The Declaration of Independence. The Bill of Rights. The Gettysburg Address. Jane Austen‘s original manuscripts. All of these important documents were written in cursive. Will anyone be able to read them in 100 years?
As the importance of computer literacy and typing skills continues to rise, skills like cursive writing are falling by the wayside. This article by Katie Hetter on CNN shows handwritten notes from teenage pop stars like Miley Cyrus and Justin Bieber and illustrates how the lack of emphasis on handwriting skills in schools today leads to bad handwriting later in life. Many celebrities under 30 years old are notorious for their illegible signatures and childlike printing. Experts say that bad handwriting is frustrating for readers and causes negative impressions to be formed about the writer. This could actually be a problem for teenagers who aren’t famous pop stars and are applying to colleges or searching for jobs.

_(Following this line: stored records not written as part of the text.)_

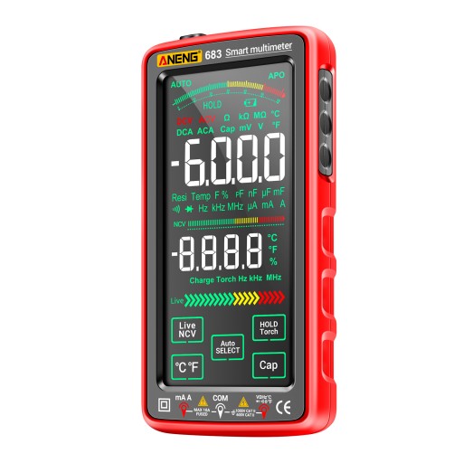 Ekran dotykowy i kolorowy wyświetlacz LCD VA z odwróconym ekranem: ekran dotykowy z inteligentnym czujnikiem, łatwy w obsłudze. Odwrócony kolorowy wyświetlacz VA i maks. 6000 zliczeń. Wyświetlacz, z funkcją zatrzymania danych, wyraźny do odczytu zmierzonej wartości w różnych środowiskach pracy.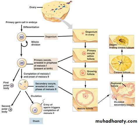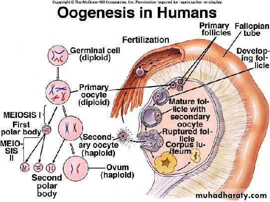Primary oocyte secondary oocyte + first polar body mature ovum tow polar bodies.primordial follicle primary follicle secondary follicle tertiary follicle mature graffian follicle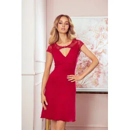 Nočná košeľa z viskózy a čipky s originálnym strihom. Špicatý výstrih, krajkový vršok imitujúci bolerko, krajkový chrbát. Navrhnuté a ušité v Poľsku.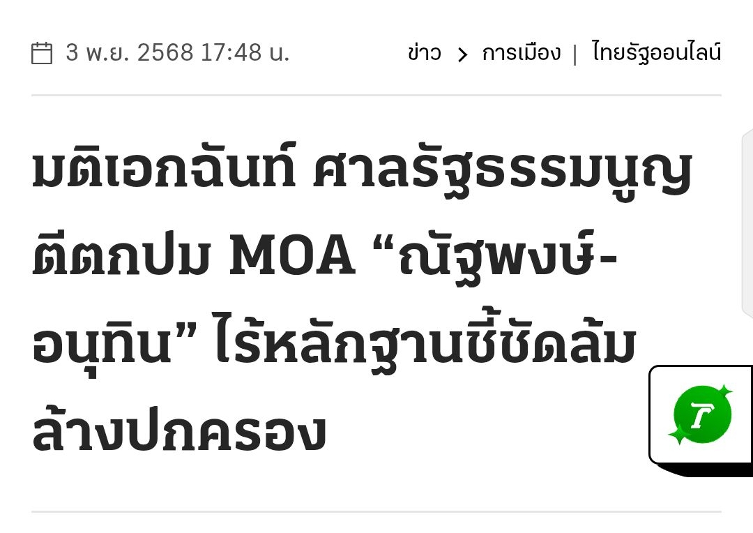 🔎 มติเอกฉันท์ ศาลรัฐธรรมนูญตีตกปม MOA “ณัฐพงษ์-อนุทิน” ไร้หลักฐานชี้ชัดล้มล้างปกครอง
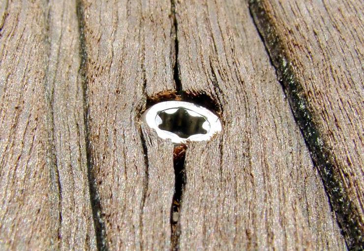 Keywords: wood screw brown metal screw head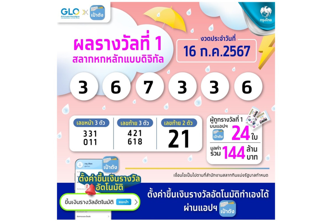 สลากดิจิทัล บนแอปพลิเคชัน เป๋าตัง ของธนาคารกรุงไทย งวดประจำวันที่ 16 ก.ค. 67

In many states, individual school districts are now allowed to decide whether or not to teach elementary school children how to write in cursive. For those who spent second, third and fourth grade struggling to form a capital Q, the elimination of cursive may seem like a gift to America’s children. Columnist D.L. Stewart writes: “Eventually all those classroom hours previously devoted to learning how to dot your i’s and cross your t’s can be replaced by more relevant lessons, such as how to convert U.S. dollars into Chinese yuan.”

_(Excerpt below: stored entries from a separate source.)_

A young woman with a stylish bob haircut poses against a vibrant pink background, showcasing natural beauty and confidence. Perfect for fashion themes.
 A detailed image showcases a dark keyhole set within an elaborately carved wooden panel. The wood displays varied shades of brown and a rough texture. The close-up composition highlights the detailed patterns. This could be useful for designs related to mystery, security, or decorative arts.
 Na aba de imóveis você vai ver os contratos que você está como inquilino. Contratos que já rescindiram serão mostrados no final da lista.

Others lament the loss of cursive and the beauty that comes with an elegantly handwritten note. Certainly, cursive has played an important part in Western cultural history. John Hancock‘s giant signature just wouldn’t look the same on a word processed page. But today’s kids often focus more on speed and content as opposed to the presentation of information. Has the time come to leave fancy handwriting behind?